Politisi Partai Keadilan Sejahtera ini menilai Menag Facrul Razi mengabaikan Pasal 46, 47, 48 UU 8/2019. Menurutnya, pasal-pasal tersebut mengatur mengenai kebijakan Kemenag terhadap penyelenggaraan ibadah haji dan umrah terlebih dahulu mendapat persetujuan bersama DPR.

Pasal 47

(1) Persetujuan DPR RI atas usulan BPIH sebagaimana dimaksud dalam Pasal 46 diberikan paling lama 60 (enam puluh) Hari setelah usulan BPIH dari Menteri diterima oleh DPR RI.

(2) Dalam hal BPIH tahun berjalan tidak mendapat persetujuan dari DPR RI sebagaimana dimaksud pada ayat (1), besaran BPIH tahun berjalan sama dengan besaran BPIH tahun sebelumnya.
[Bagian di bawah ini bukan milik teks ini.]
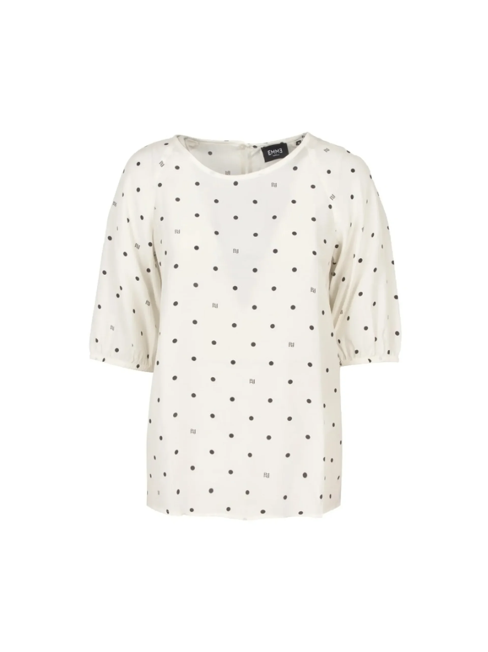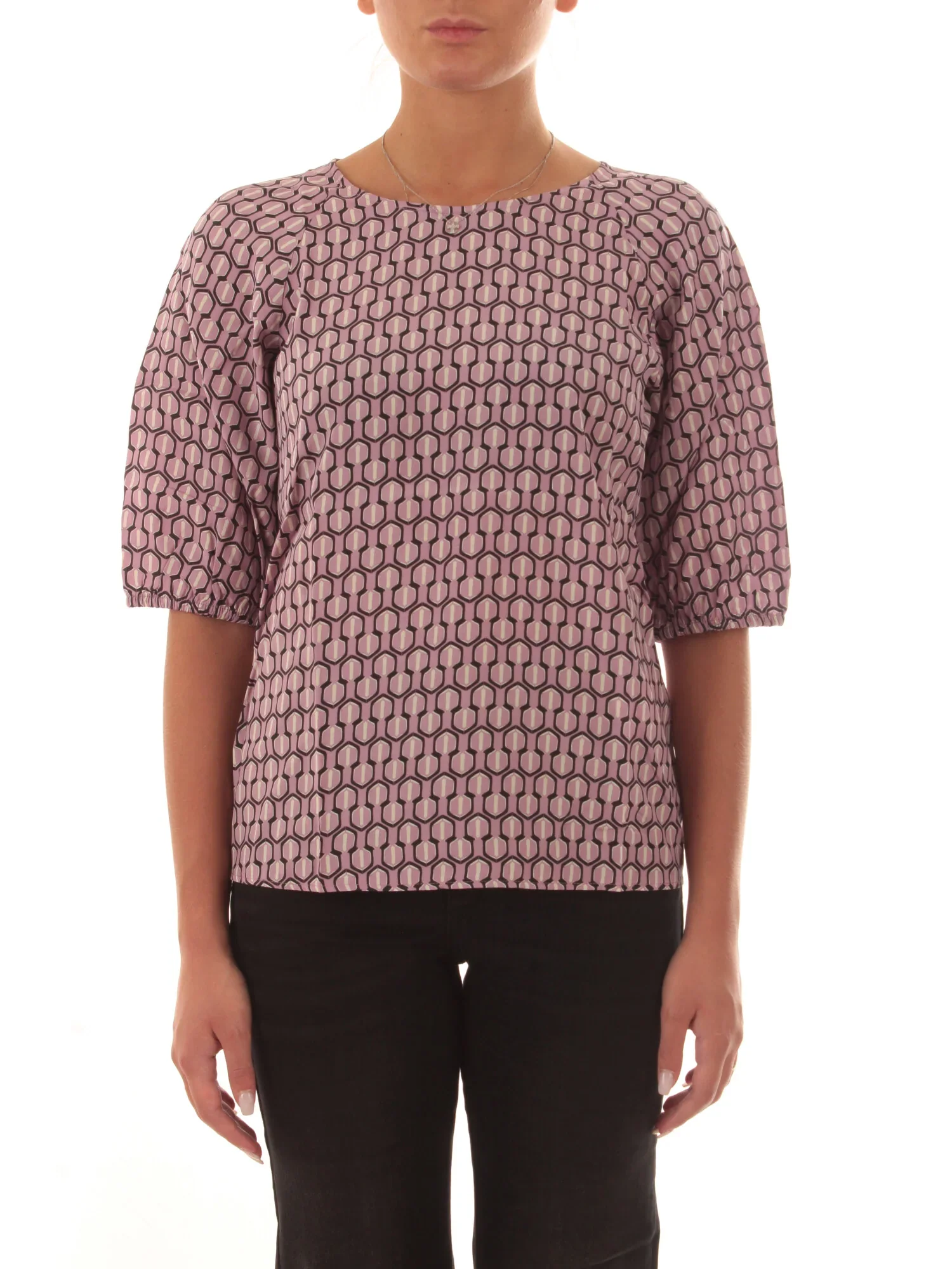 Blusa in viscosa a fantasia, linea dritta. Scollo rotondo, maniche raglan a tre quarti. Chiusura a goccia con bottone sul retro. Lunghezza 60 cm.

Bagian Ketiga Penetapan Biaya Penyelenggaraan Ibadah Haji

Pasal 48

(1) Besaran BPIH ditetapkan oleh Presiden paling lama 30 (tiga puluh) Hari setelah usulan BPIH mendapatkan persetujuan dari DPR RI.

(2) Besaran BPIH sebagaimana dimaksud pada ayat (1) yang bersumber dari Bipih, Nilai Manfaat, Dana Efisiensi, dan/atau sumber lain yang sah berdasarkan ketentuan peraturan perundang-undangan ditetapkan oleh Presiden atas usul Menteri setelah mendapat persetujuan dari DPR RI.
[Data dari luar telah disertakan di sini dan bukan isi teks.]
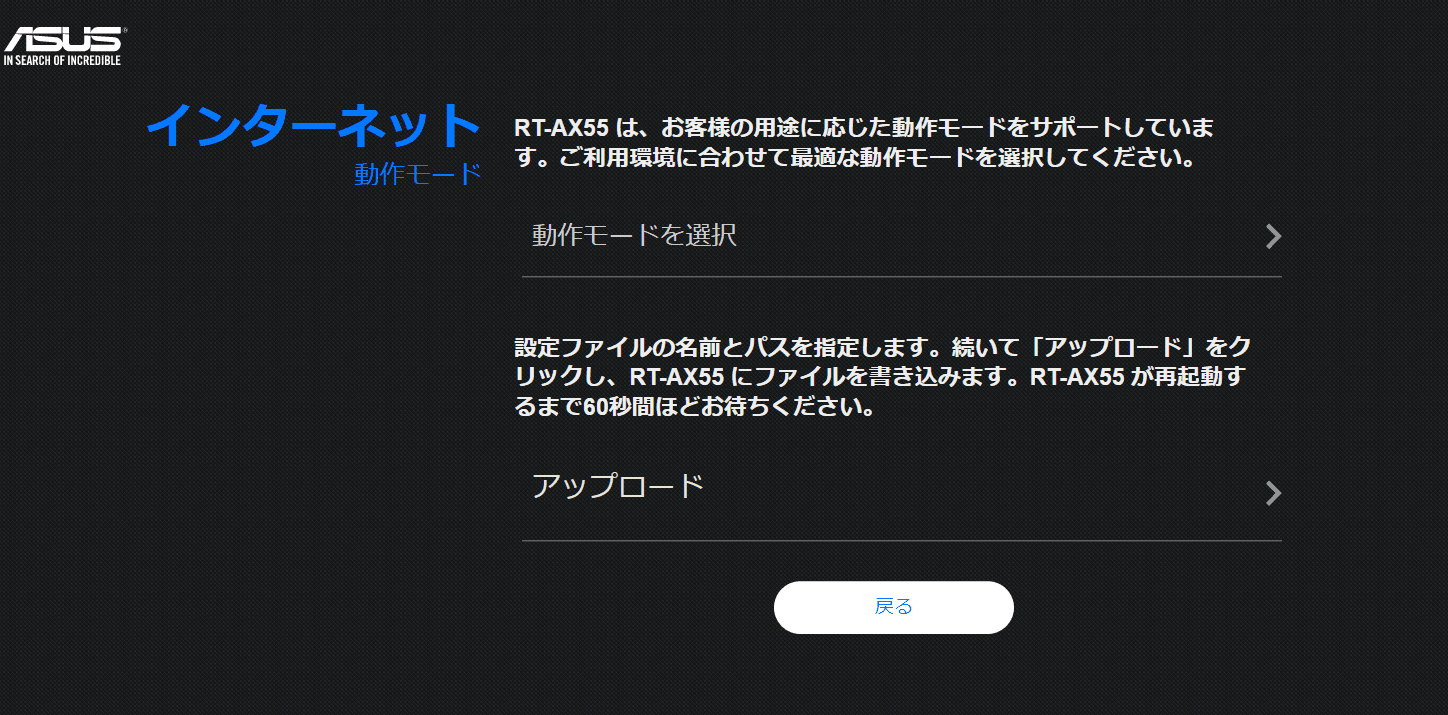 この動作モードを選択で、ルーターモードやメッシュモードなどが選択出来ます。

(3) Besaran BPIH sebagaimana dimaksud pada ayat (1) yang bersumber dari anggaran pendapatan dan belanja negara ditetapkan sesuai dengan mekanisme ketentuan peraturan perundang-undangan.

Terkait masalah ini, Komisi VIII bakal menggelar rapat kerja (raker) dengan Menag di tengah masa reses untuk membahas keputusan Menag yang membatalkan sepihak keberangkatan jamaah haji 2020. Yandri telah mengagendakan raker dengan Menag pada Kamis (4/6) besok hari. Keputusan menggelar rapat kerja ini setelah Komisi VIII mendapat izin dari pimpinan DPR.

Iskan melanjutkan pembatalan keberangkatan haji 2020 bakal menjadi bahasan menarik dengan Menag. Sebab, alasan keputusan yang diambil terburu-buru itu dan mesti didalami dalam raker nanti. Dia menambahkan raker dengan Kemenag seharusnya digelar pada Selasa (2/6/2020) kemarin. Namun sayangnya dibatalkan tanpa ada penjelasan lebih lanjut. Sebaliknya, Kemenag malah membuat keputusan membatalkan keberangkatan jamaah haji 2020.